Dataset records
☆ ☆ ☆ ☆ ☆ ☆ ☆
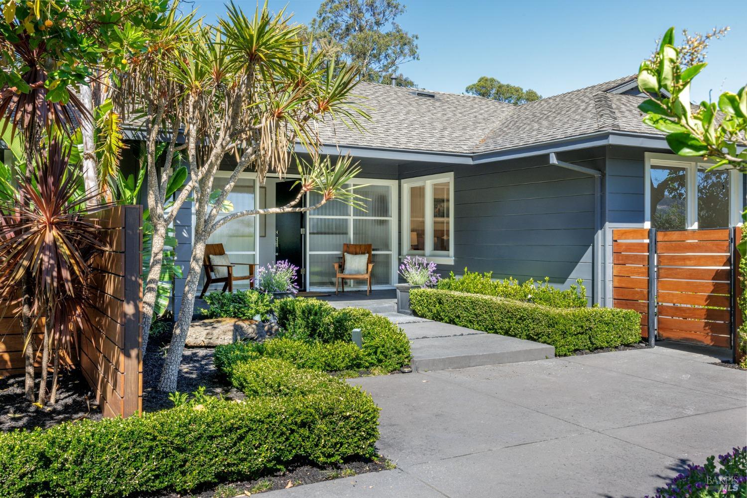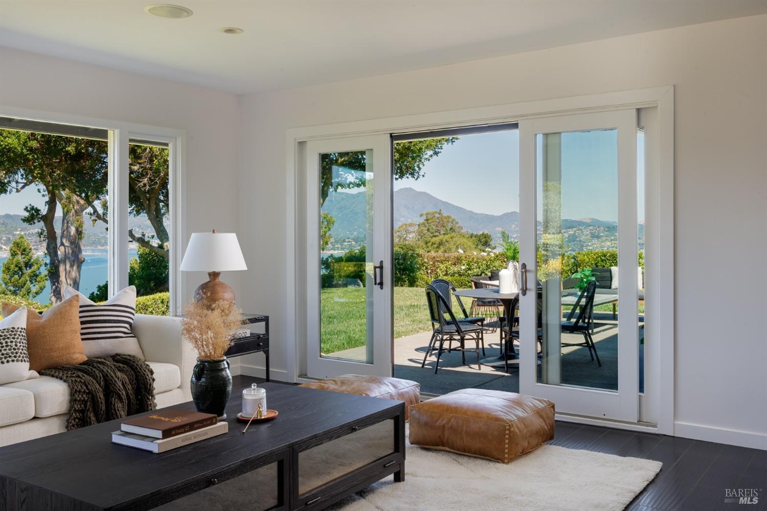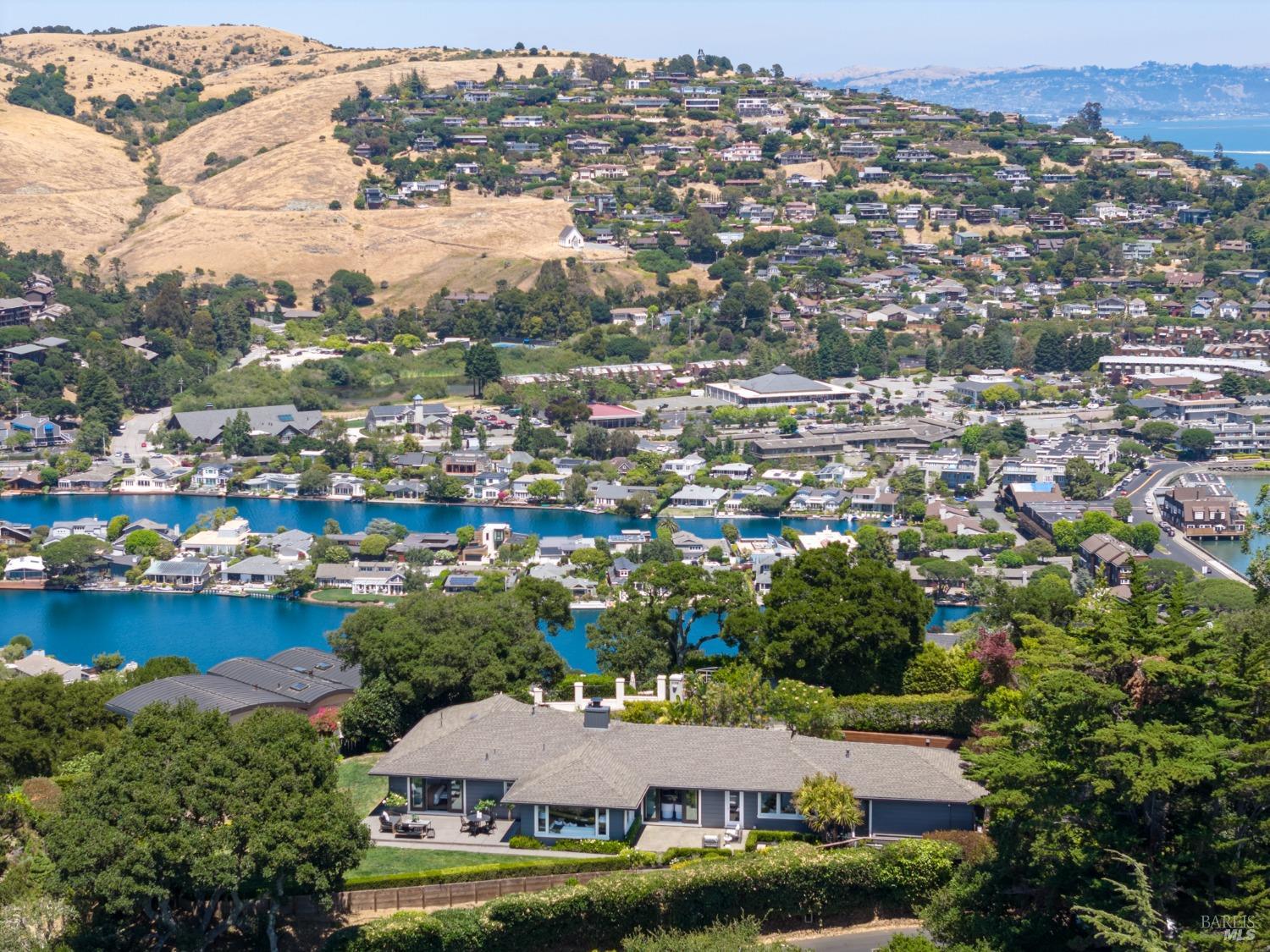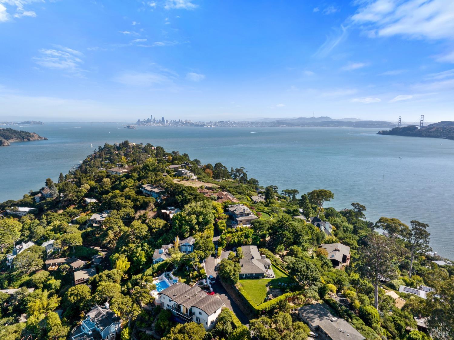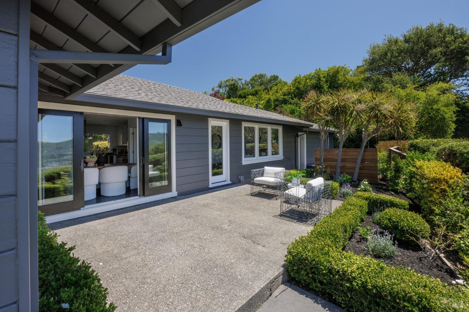Situated on nearly half an acre on one of Belvedere Island's most sought-after west side streets, this extraordinary mid-century single-story residence boasts a level and private site, an easy layout, and sweeping views of Sausalito, Richardson Bay, Mt.Tam, the Golden Gate Bridge towers, and the surrounding vistas. The outdoor living spaces are an entertainer's dream, featuring an expansive backyard with a sprawling lawn, multiple patios, manicured landscaping, privacy hedges, rose bushes, raised garden beds, and panoramic views. This one-of-a-kind location provides an incredible opportunity to build your dream home or thoughtfully renovate the current single-level residence, with the potential for multiple ADUs. The open and airy living room features a fireplace, sliding glass doors opening to the outdoors, and oversized windows framing picturesque views. Functional and open kitchen with a center island with counter seating, newly painted cabinetry, and stainless steel appliances. Spacious family room with expansive windows offering stunning views and outdoor access. The primary suite features captivating views, a walk-in closet, 2 built-in wardrobe closets, and sliding glass doors leading to the entertainment patio. Attached 2 car garage and motor court.
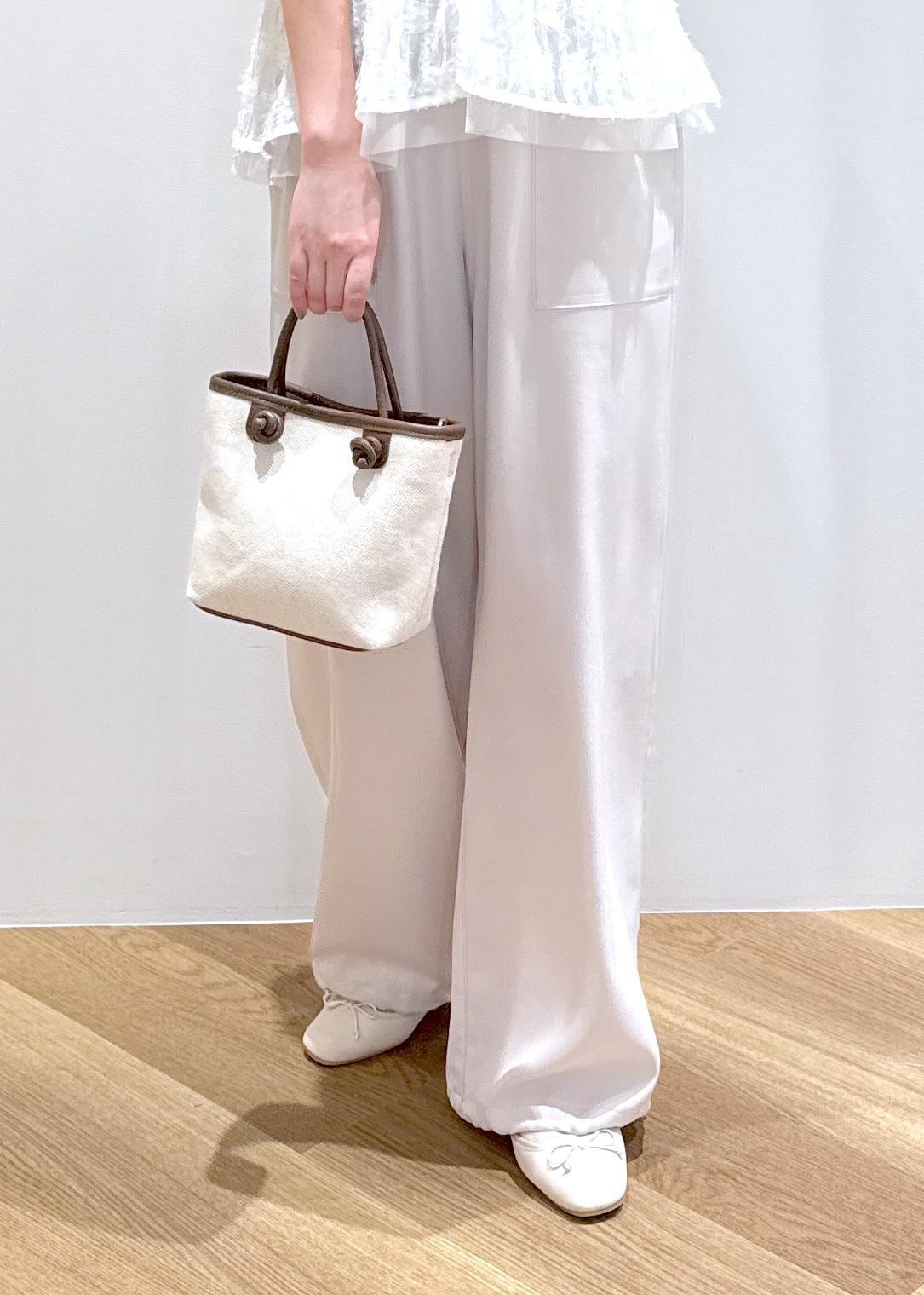 ボトムやシューズはアイボリー系で揃え、主張しすぎないようにしています。
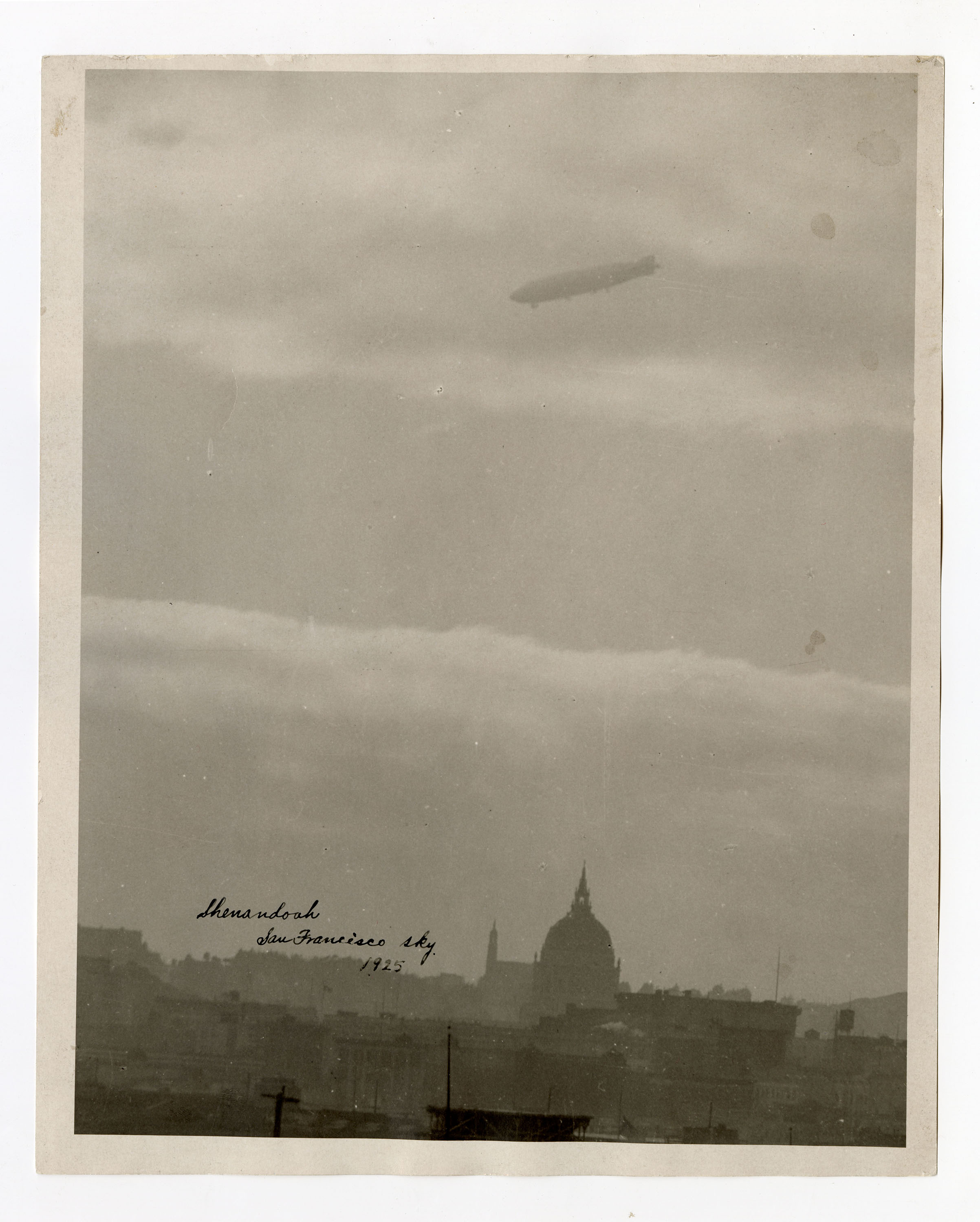 The zeppelin USS Shenandoah over San Francisco, viewed by Muramoto during a trip in 1925.
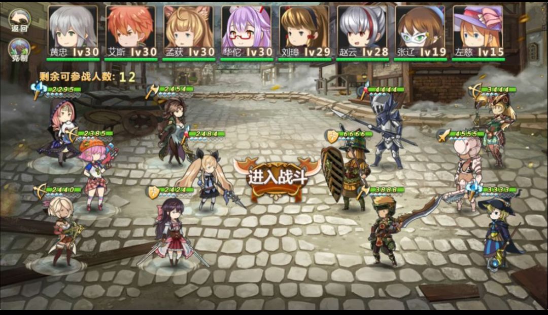 配置:上阵的都是30级,刘关张艾斯黄忠五武器,其他都是四武器。
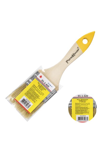 Натуральная светлая щетина. Предназначена для всех типов лакокрасочных материалов. Кончики щетины на конце расщеплены для лучшей впитываемости краски. Бандаж изготовлен из жести. Для надежного удержания щетины используется клей на эпоксидной основе и деревянные клинья. Рукоятка деревянная отшлифована, не покрыта. Кончик кисти окрашен цветной краской. Плоская кисть 50 мм с натуральной щетиной для аккуратного нанесения красок и лаков, подходит для работ внутри и снаружи помещений.
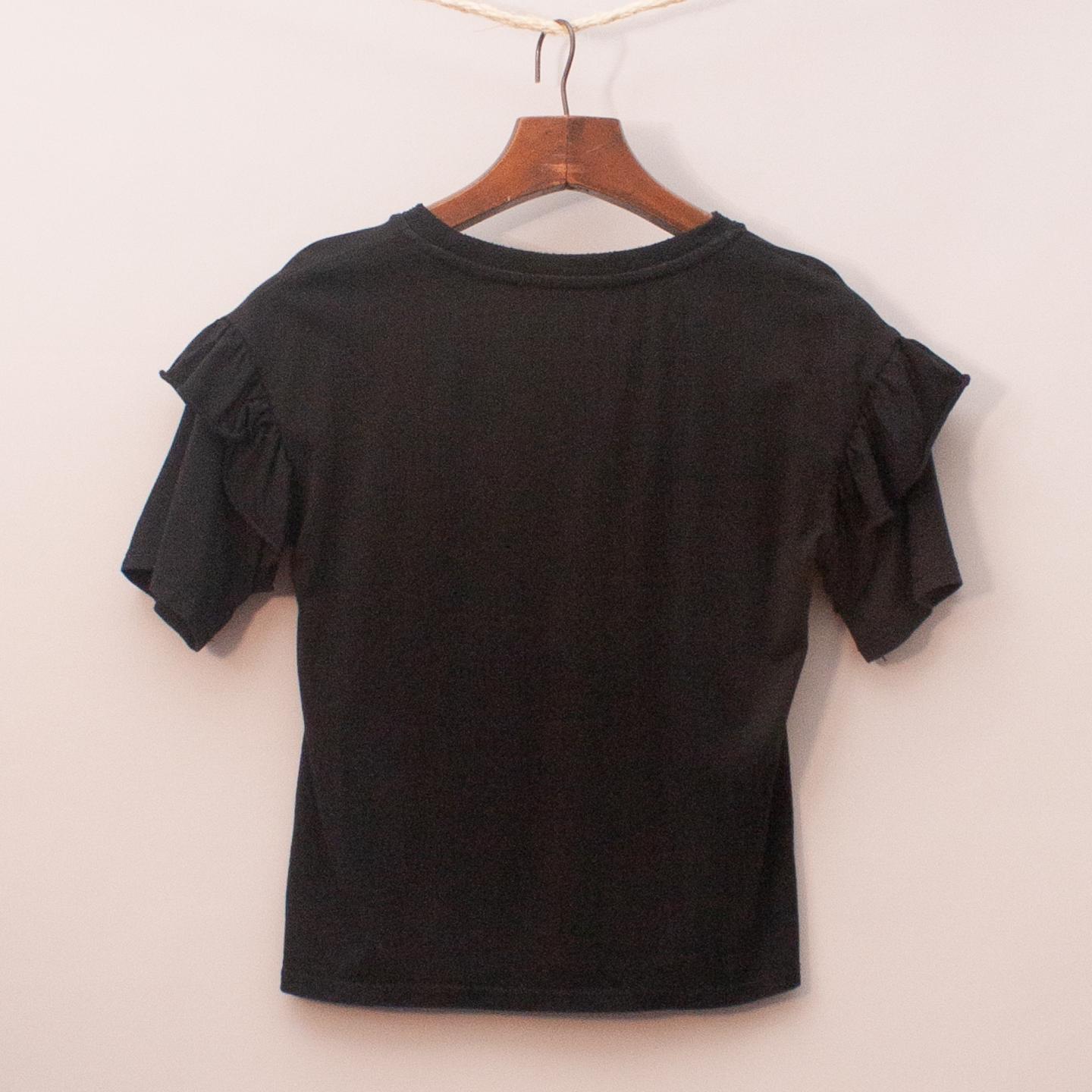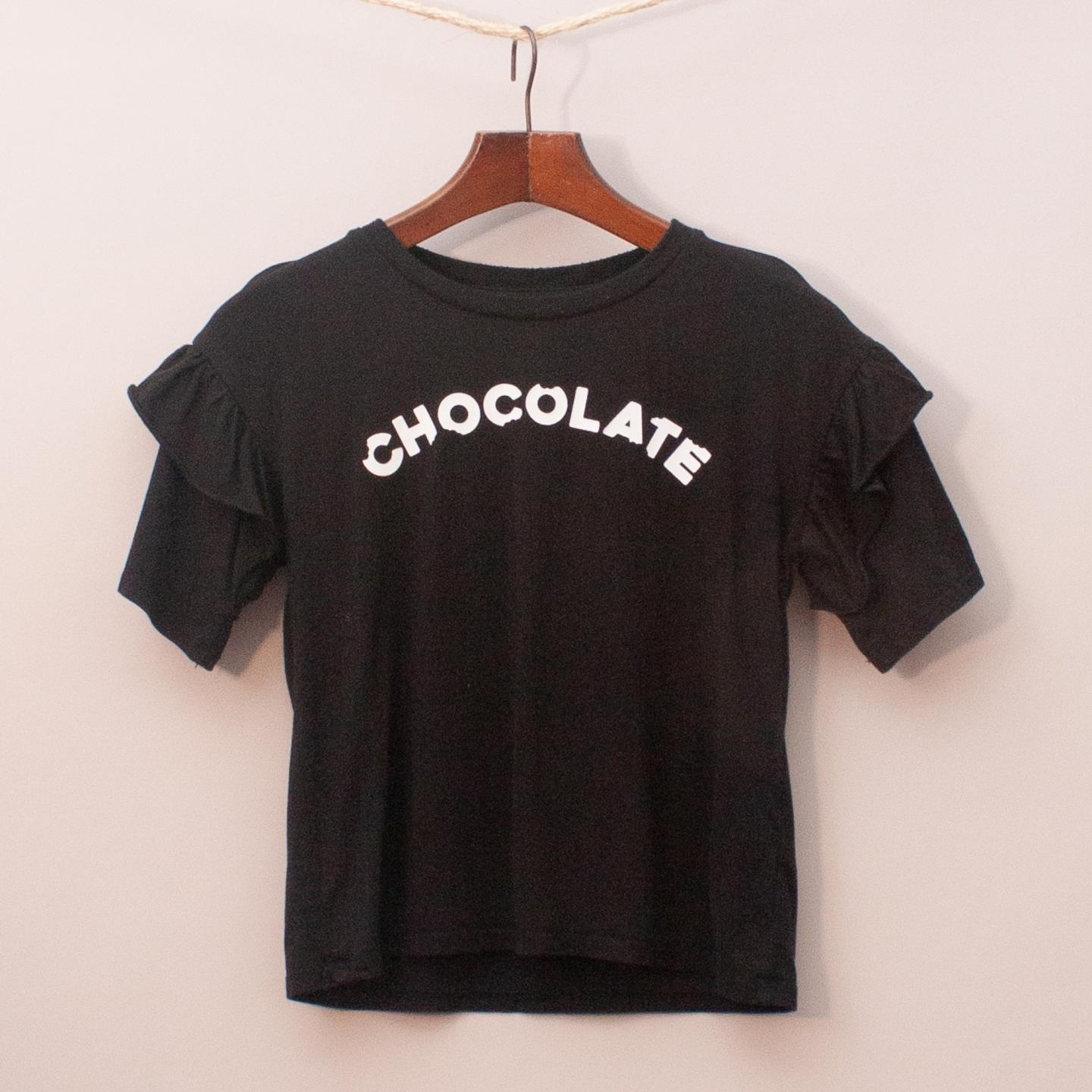 Bardot black t-shirt with ruffle sleeve detail and printed 'chocolate' across the front *55% Cotton, 45% Modal
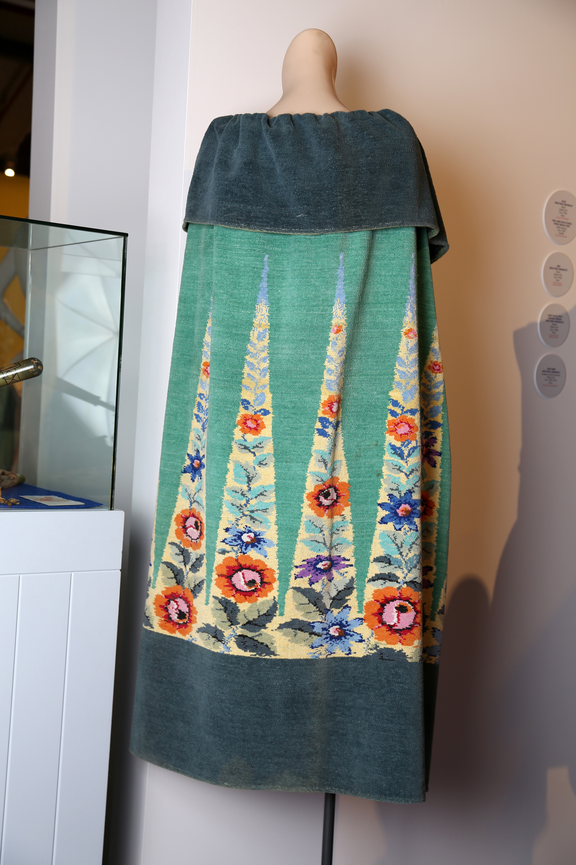 The cape has a a woven floral motif.
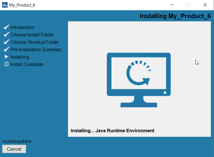 If both progress bar options are set to No, then progress of installer will not be displayed at all.The following is an example when both progress bar options are disabled:
☆ ☆ ☆ ☆ ☆ ☆ ☆
§ Task statement
Give back exactly the lines from the one containing "配置:上阵的都是30级,刘关张艾斯黄忠五武器,其他都是四武器。" through the last line above, both included, and none of the pictures.

§ Output
 配置:上阵的都是30级,刘关张艾斯黄忠五武器,其他都是四武器。
 Натуральная светлая щетина. Предназначена для всех типов лакокрасочных материалов. Кончики щетины на конце расщеплены для лучшей впитываемости краски. Бандаж изготовлен из жести. Для надежного удержания щетины используется клей на эпоксидной основе и деревянные клинья. Рукоятка деревянная отшлифована, не покрыта. Кончик кисти окрашен цветной краской. Плоская кисть 50 мм с натуральной щетиной для аккуратного нанесения красок и лаков, подходит для работ внутри и снаружи помещений.
 Bardot black t-shirt with ruffle sleeve detail and printed 'chocolate' across the front *55% Cotton, 45% Modal
 The cape has a a woven floral motif.
 If both progress bar options are set to No, then progress of installer will not be displayed at all.The following is an example when both progress bar options are disabled:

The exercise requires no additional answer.